More than 300 airmen and A-10s from the 74th Fighter Squadron are returning to Moody AFB, Ga, after a deployment that saw the Warthogs provide close air support for US-backed fighters in an intense urban fight against ISIS.
The A-10s and airmen deployed to Incirlik AB, Turkey, in July and immediately began flying air support missions in Iraq and Syria. For about three months of the deployment, the A-10s were focused on fighting in ISIS’s self-proclaimed capital of Raqqa, Syria, where they faced a new challenge of flying close air support to help friendly forces in an urban center with large buildings.
“It was a difficult location to work in and we faced some situations that we have not dealt with before we arrived here,” Maj. Matthew Cichowski, 74th Expeditionary Fighter Squadron director of operations, said in an Air Force release.

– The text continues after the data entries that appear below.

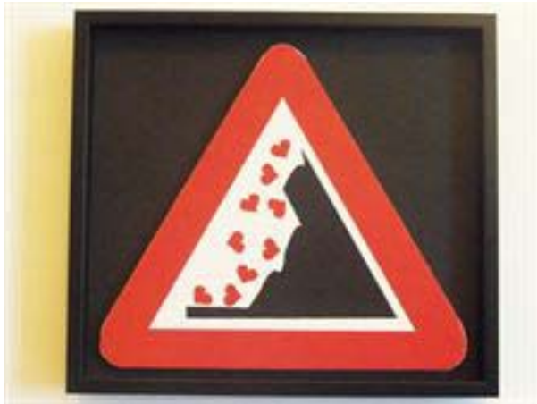
Valor de la poesía visual
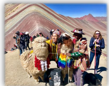
La montaña de siete colores

El origen de la ciudad significa "ombligo" en idioma quechua, era la capital en el Imperio Inca. Machupichi, la laguna de Humantay, la montaña de siete colores son mundialmente famosos en Cusco. Mi recomendación es la montaña de siete colores que está a 5000 metros. 2 voluntarios trabajan en Cusco.
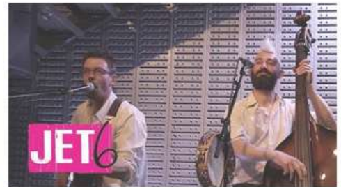
Jet 6 - Gare au gorille VS Mexico
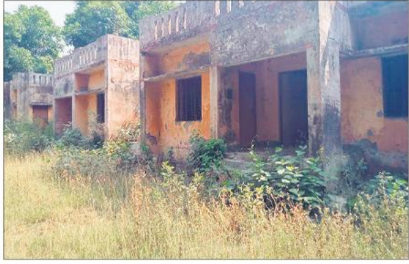
आवासीय परिसर में उगी झाड़ियां।

ग्रामीणों का कहना है कि अस्पताल में डॉक्टर, फार्मासिस्ट और स्टाफ नर्स की अनुपस्थिति से मरीजों को भारी दिक्कतों का सामना करना पड़ रहा है। हालात यह हैं कि वार्ड ब्याय ही मरीजों का इलाज करने के साथ दवाएं भी दे रहा है। महिलाओं के इलाज के लिए तैनात स्टाफ नर्स पिछले
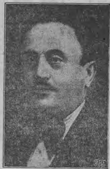
דער נייער מאַגיסטראַט האָט שוין אָנגעהויבען זיין אייגענטיכע אַרבייט.

ציוויל-שטאַנדס-אַמט, וועלכע בעשעפ טיגט זיך מיט די דאָקומענטען פון דער נישט-קריסטליכער בעפעלקערונג. וואָס שייך דער נייער מאַגיסטראַט-מעהרהייט אַריבערנעמען זיך זיינע מיט-גלידער זעהר נוט און שנעל אין אַלע קאַמונאַלע פּראָגען. ס'פיהלט זיך אַ גע-זעלשאַפטליכע רוטין און אַ ווילען צו דער אַרבייט. די אַרבייט פון מאַגיסטראַט וועט איצט זיין לייכטער דערפאַר, ווייל ס'איז פּערהאַן אַנ'אויסגעשפּראַכענע מערהייט און ס'וועלען אויפהערען די אַמפּערייען און די קליינליכע חלוקי דעות, וואָס האָבען געהערשט צווישען דער ביז-איצטיגער געשטיקעוועטער מערהייט. איך גלויב דעריבער, אז די גרויסע פּלענער, וואָס דער איצטיגער מאַגיסטראַט האָט זיך געשטעלט, קעגען אַדוירכגעפיהרט ווערען.
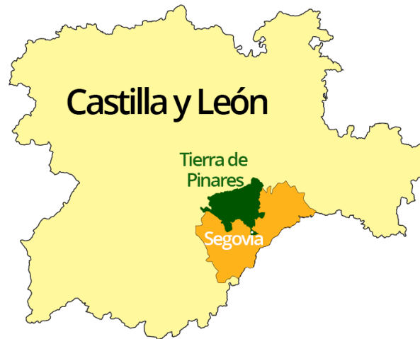
Figure 3. Tierra de pinares segoviana.
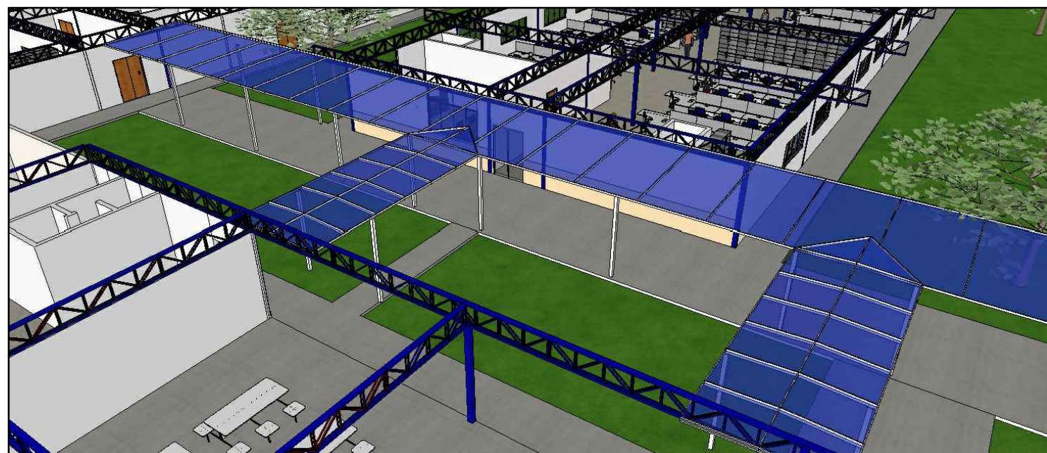
PASSARELA-IMAGEM ILUSTRATIVA ESCALA: S/ ESCALA
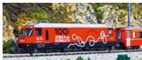
7074043 100 Jahre Albula & Ruinaulta #642 € 199,99
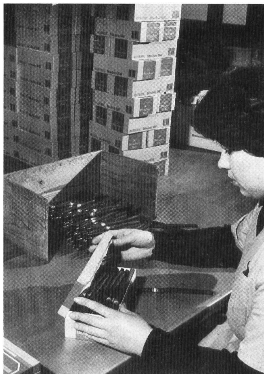
Fig. 11. Imballaggio.
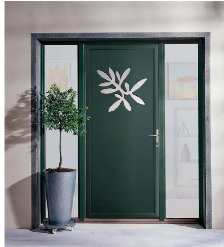
Végétales Hellébore extérieur
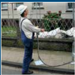
Vue permanente sur les charges grâce à la télécommande mécanique (en option)
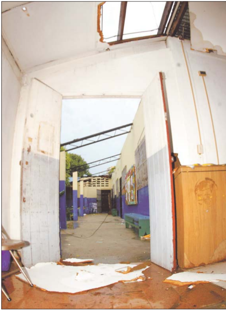
A su paso, el vendaval derribó el techo de la escuela República de Finlandia, en San Sebastián, San Francisco.

Los techos de tres viviendas resultaron afectados en
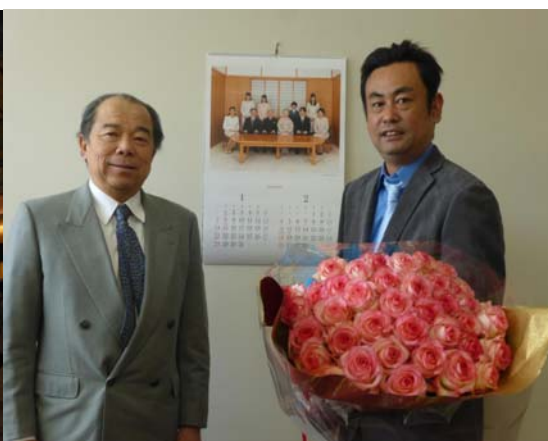
浅岡氏とツーショット
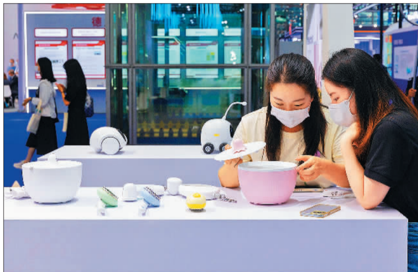
▶高交会深圳会展中心智能伴宠新生活展区，一款宠物自动饮水机吸引了观众目光。
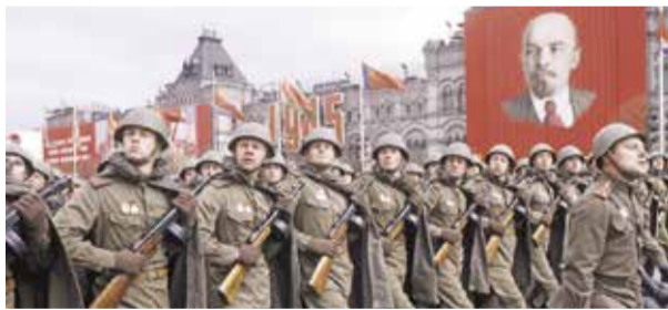
НА ФОТО: ВКЛАД КРАСНОЙ АРМИИ В ПОБЕДУ НАД НАЦИЗМОМ ДОЛЖЕН БЫТЬ ОЧЕВИДЕН ВСЕМ

Совет Федерации одобрил закон о штрафе или административном аресте за публичное отождествление роли СССР и нацистской Германии во Второй мировой войне.
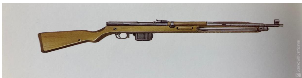
Obrázek 8 – Puška vzor 52/57 68

ohledech. Jedinou nevýhodou pušky byla její hmotnost, vážila 4,1 kilogramu bez munice. Tato zbraň je charakteristická svým sklopným bodákem, který je umístěn z boku zbraně ve vybrání předpažbí. Délka zbraně je 1003 mm a nábojová schránka disponuje kapacitou pro 10 nábojů. Z této zbraně se dalo efektivně střílet do 400 m. Nicméně tato zbraň v československých ozbrojených složkách nevydržela dlouho, o pár let později ji totiž nahradila útočná puška samopal vzor 58. Nicméně u Hradní stráže je užívána dodnes v niklovém provedení pro reprezentační účely. 67
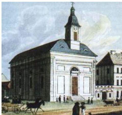
Kollárov kostol v Pešti
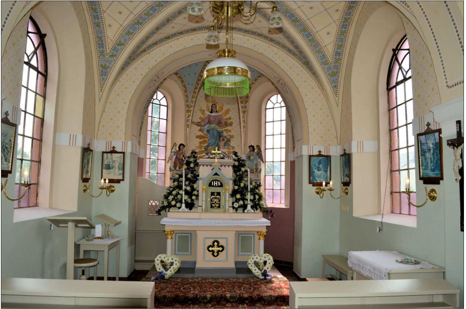
Slavnostně vyzdobená kaple Panny Marie v Tišnovské Nové Vsi
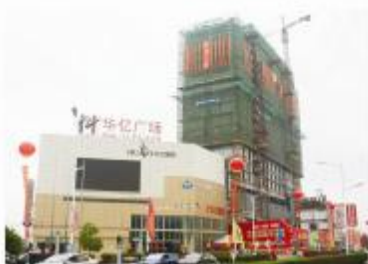
▲“繁昌华亿广场”项目现场

主体楼高21层。该项目2014年4月18日正式开工,项目部在施工管理过程中高度重视安全质量,严格遵循施工时间节点控制,在要求时间内主体大楼顺利封顶,即将进入墙体砌筑阶段。该工程预计在今年年底竣工交付使用。
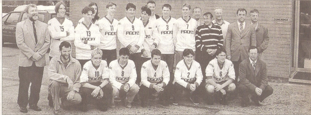
Het behalen van twee titels vond de familie Packo een goeie reden om voor de Zedelgemse volleybalclub een feestje op te zetten.

men met de spelers en met een beperkt budget, veel te realiseren, vooral naar de jeugdwerking toe. „Ik wil hier dan ook nog eens benadrukken dat ik de jongste beslissing om niet meer te spelen in 2de landelijke ten volle steun en het een zeer goede oplossing vind voor het Zedelgemse volleybal in het algemeen en voor de spelers en de jeugdspelers in het bijzonder. Twee rode draden liepen door het beleid van de club: de vriendschap en de ambiance en het werken
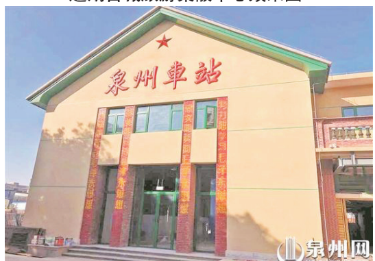
改造後的泉州舊車站主體大樓基本保持原有蘇式建築風格

4月23日，作為泉州古城生態修復城市修繕“七個一”工程的“一站”，泉州舊車站改造項目主體工程通過竣工驗收。這意味着，這個泉州市區最老的車站主體改造已完成，重裝後將作為古城旅游集散中心再出發。

A-10 pilots had to “get creative to figure out ways to strike targets at the bottom of these five story buildings,” 74th EFS Commander Lt. Col. Craig Morash said in the release.
In an interview with Air Force Magazine, Morash said that while A-10 pilots generally train for two-hour sorties, the squadron averaged 7.4 hour missions when they first arrived in theater.
“As A-10 guys, we train to non-linear battles as well as linear battles, but urban conflict, at least in this form, was kind of the first time anybody had ever seen it before,” he said.
The squadron’s A-10s dropped about 44 percent of the weapons in the Raqqa area for the first two and a half months of the battle, Morash said. During the deployment, US-backed Syrian Democratic Forces liberated the city with the help of thousands of US and coalition airstrikes.